Hmm, I think there's been a bit of confusion here. The data that I asked to see should have all come from the gateway box. I was wrong in asking about eth1. Looking back at the question I see that you are using PPP for the Internet link. For some reason I got it into my head that the gateway had two ethernets.
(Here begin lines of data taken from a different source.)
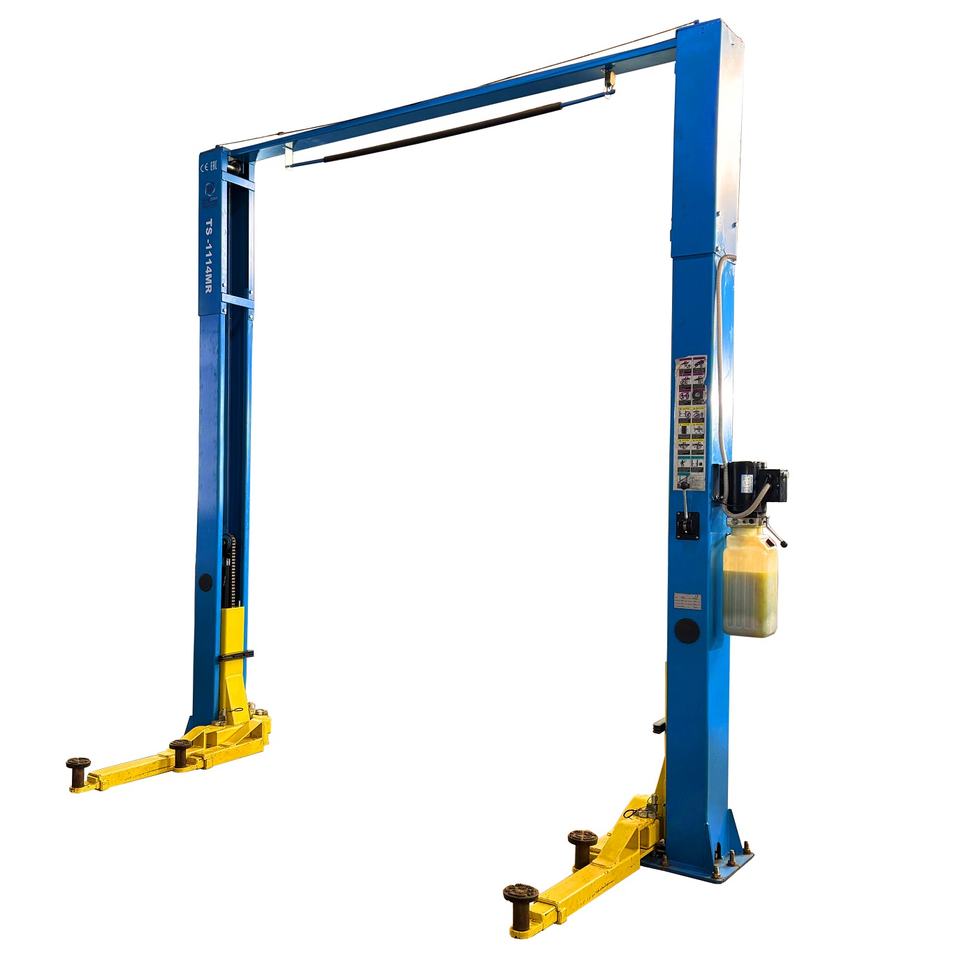 Автомобильный электрогидравлический подъемник с верхней связью грузоподъемностью 4 тонны TS-1114MR съем со стопоров происходит централизованно с помощью рычага расположеного на колонне, что позволяет эффективно и безопасно опускать автомобиль с подъемника. Ограничитель подъёма при достижении максимальной высоты. Предназначен для подъема легковых автомобилей и джипов.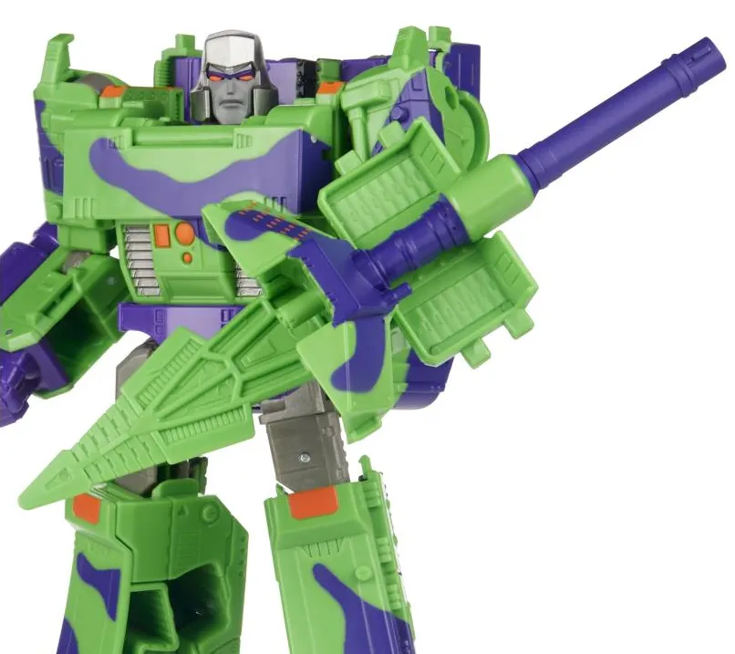 This special edition WFC-GS14 Megatron figure is inspired by the 1992 G2 toy release, featuring purple and green camouflage deco inspired by the original release.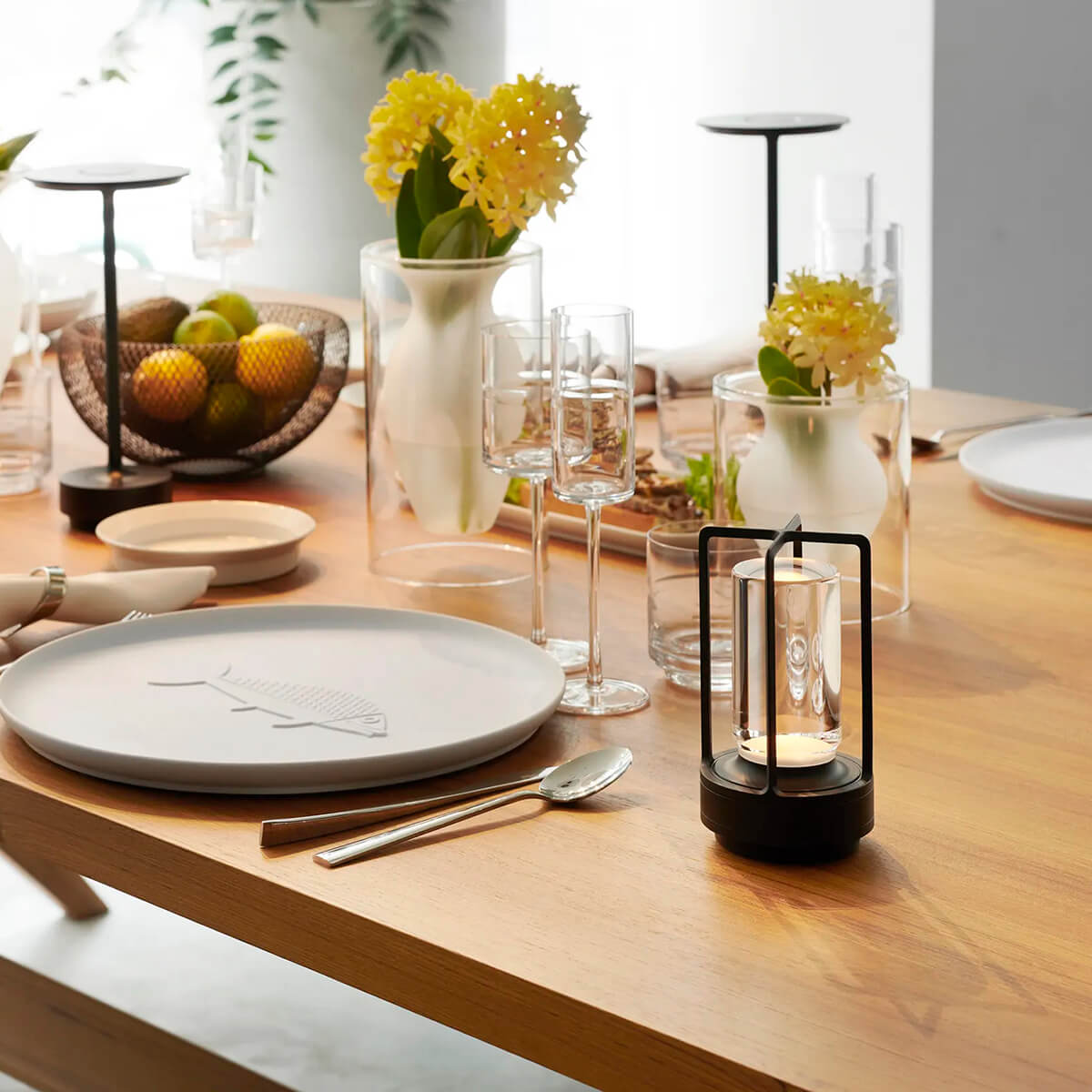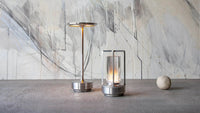 Designed by the soulful and thought-provoking Japanese designer Nao Tamura for Japanese lighting brand Ambientec, this cordless and waterproof light is as technologically innovative as it is visually alluring, created to establish an intense emotional bond with each user as a gentle touch is used to turn the lamp on and off, and move it through four phases of acute, high quality illumination made possible with a newly developed LED light source, from a soft glow as subtle as candlelight to a penetrating brilliance perfect for entertaining.

What does 'ifconfig -a' on the gateway show?

emherman

ASKER

eth0 Link encap:Ethernet HWaddr 00:A0:CC:D0:9F:8F
inet addr:192.168.1.5 Bcast:192.168.1.255 Mask:255.255.255.0
UP BROADCAST RUNNING MULTICAST MTU:1500 Metric:1
RX packets:281529 errors:0 dropped:0 overruns:0 frame:0
TX packets:238860 errors:3 dropped:0 overruns:0 carrier:3
collisions:0 txqueuelen:100
Interrupt:10 Base address:0xd400

lo Link encap:Local Loopback
inet addr:127.0.0.1 Mask:255.0.0.0
UP LOOPBACK RUNNING MTU:3924 Metric:1
RX packets:0 errors:0 dropped:0 overruns:0 frame:0
TX packets:0 errors:0 dropped:0 overruns:0 carrier:0
collisions:0 txqueuelen:0

ppp0 Link encap:Point-to-Point Protocol
inet addr:xxx.xxx.xxx.xxx P-t-P:xxx.xxx.xxx.xxx Mask:255.255.255.255
UP POINTOPOINT RUNNING NOARP MULTICAST MTU:1500 Metric:1
RX packets:12508 errors:0 dropped:0 overruns:0 frame:0
TX packets:13670 errors:0 dropped:0 overruns:0 carrier:0
collisions:0 txqueuelen:10

I "xxx.xxx.xxx.xxx" the internet address because they had valid external IP addresses. If you need them I can e-mail them to you.

emherman

ASKER

I'm streaming real audio to my w2000 box now and operating as I normally do with my mail client on the Linux workstation. If I get the connection to fail. I'll get another "ifconfig -a" on the gateway (troll).

jlevie

Hmm, you are showing carrier loss/TX errors on the ethernet controller. That's not normal and is probably an indicator of something wrong.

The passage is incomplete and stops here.